• Task description
Please give back word for word the lines of the material below between the line containing "In this video, Bourke" and the line containing "Садова гойдалка тримісна", inclusive.

• Source material
* * * * * * *

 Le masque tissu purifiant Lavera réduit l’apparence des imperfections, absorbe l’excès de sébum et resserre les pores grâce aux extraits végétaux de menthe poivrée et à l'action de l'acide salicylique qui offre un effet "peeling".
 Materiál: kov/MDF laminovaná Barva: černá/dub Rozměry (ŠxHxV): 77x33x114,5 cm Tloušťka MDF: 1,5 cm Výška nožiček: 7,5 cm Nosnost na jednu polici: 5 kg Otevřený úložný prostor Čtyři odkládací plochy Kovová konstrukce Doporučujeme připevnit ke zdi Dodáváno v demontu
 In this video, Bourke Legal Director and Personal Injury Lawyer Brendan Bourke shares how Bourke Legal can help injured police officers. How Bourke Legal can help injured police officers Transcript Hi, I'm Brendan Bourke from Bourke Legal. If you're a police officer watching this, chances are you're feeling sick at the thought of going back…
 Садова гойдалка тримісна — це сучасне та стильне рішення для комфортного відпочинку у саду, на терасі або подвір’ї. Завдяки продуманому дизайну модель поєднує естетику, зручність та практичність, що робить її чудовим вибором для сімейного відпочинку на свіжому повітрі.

* * * * * * *

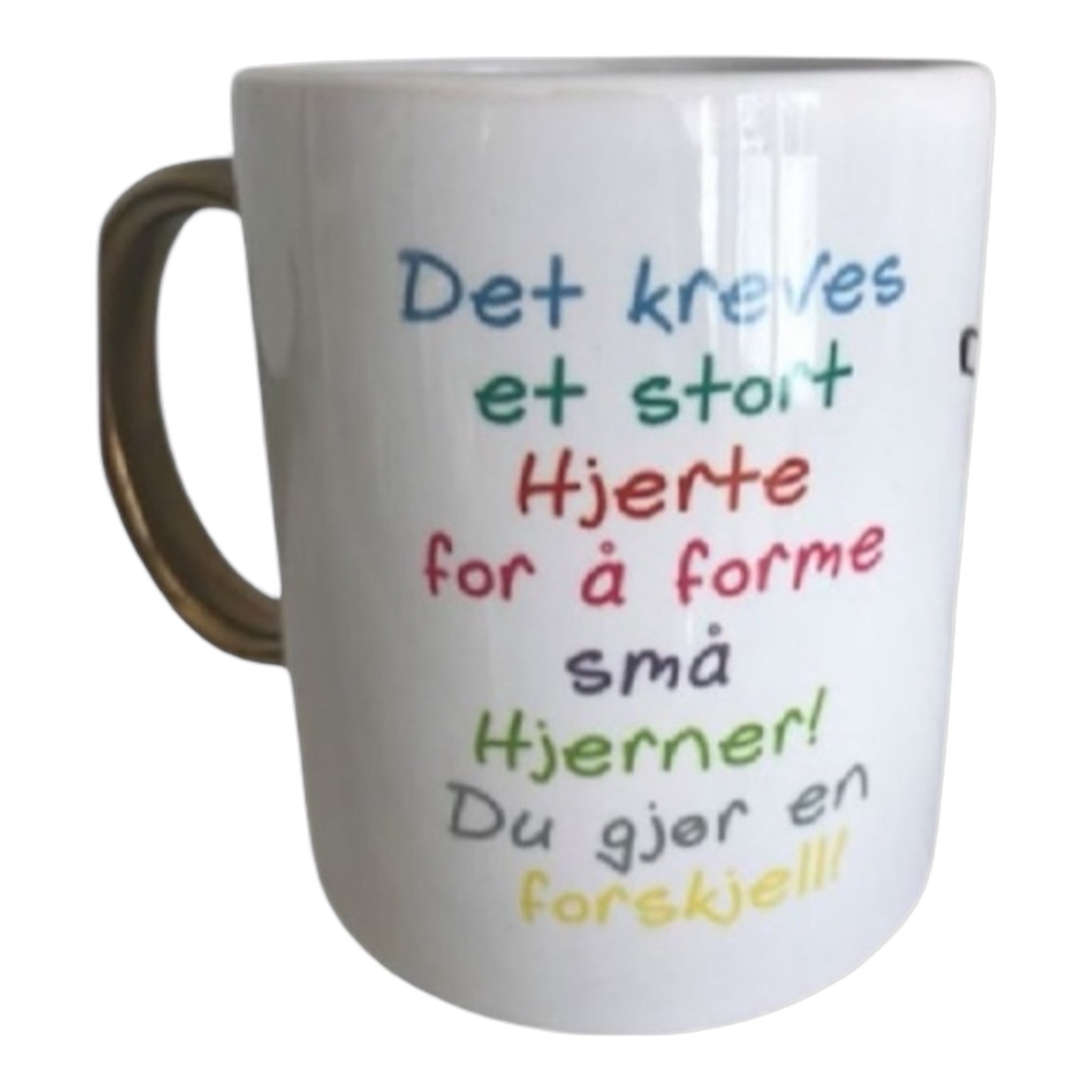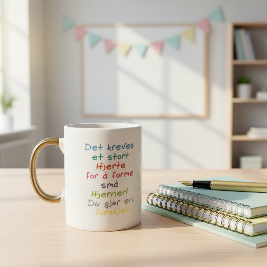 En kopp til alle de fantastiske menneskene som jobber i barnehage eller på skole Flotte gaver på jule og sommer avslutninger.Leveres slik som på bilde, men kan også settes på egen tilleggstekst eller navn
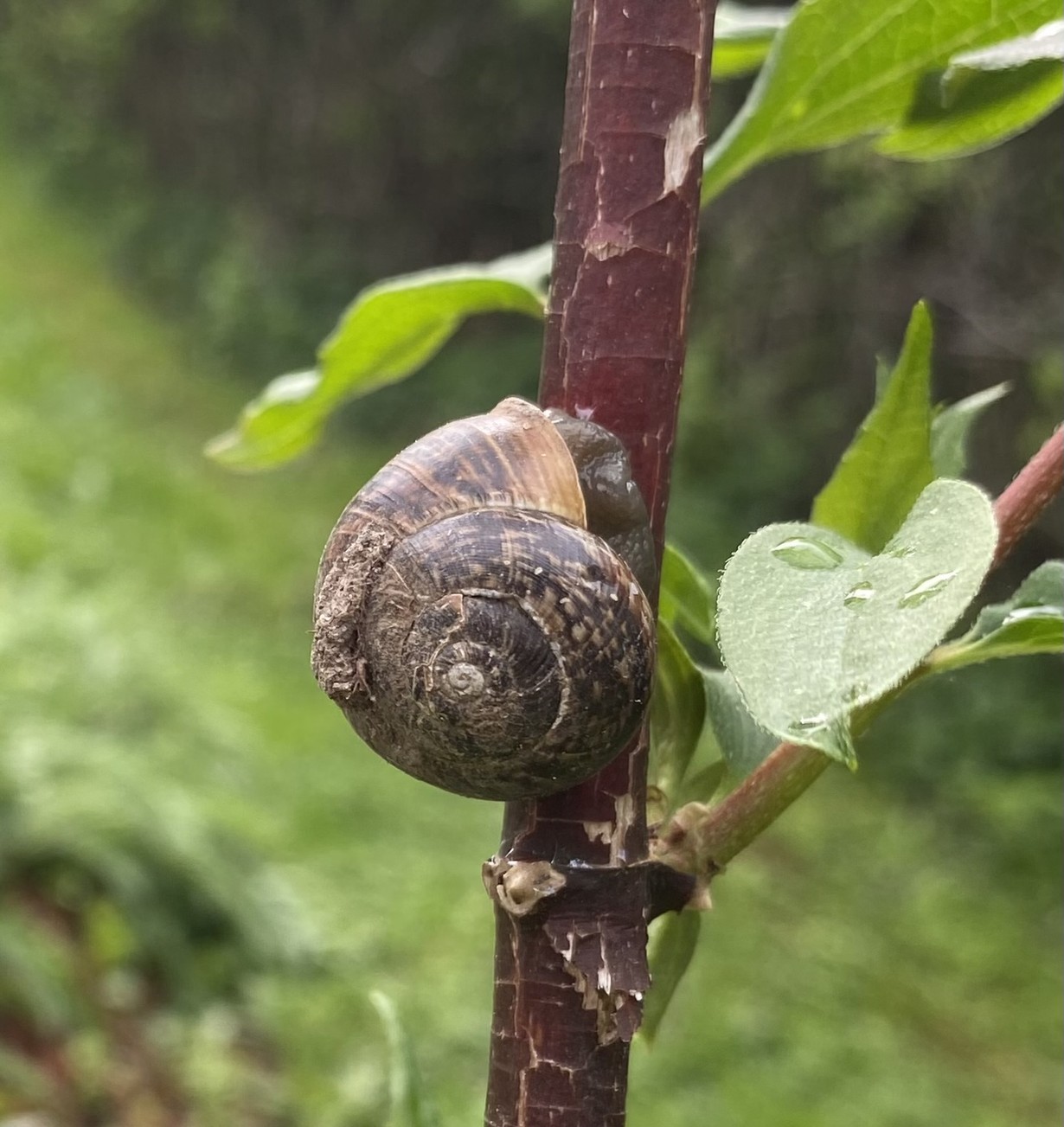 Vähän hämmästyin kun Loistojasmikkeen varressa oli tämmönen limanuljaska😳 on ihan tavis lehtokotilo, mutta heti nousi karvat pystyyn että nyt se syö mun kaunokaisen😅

* * * * * * *

• Reply to the task
 In this video, Bourke Legal Director and Personal Injury Lawyer Brendan Bourke shares how Bourke Legal can help injured police officers. How Bourke Legal can help injured police officers Transcript Hi, I'm Brendan Bourke from Bourke Legal. If you're a police officer watching this, chances are you're feeling sick at the thought of going back…
 Садова гойдалка тримісна — це сучасне та стильне рішення для комфортного відпочинку у саду, на терасі або подвір’ї. Завдяки продуманому дизайну модель поєднує естетику, зручність та практичність, що робить її чудовим вибором для сімейного відпочинку на свіжому повітрі.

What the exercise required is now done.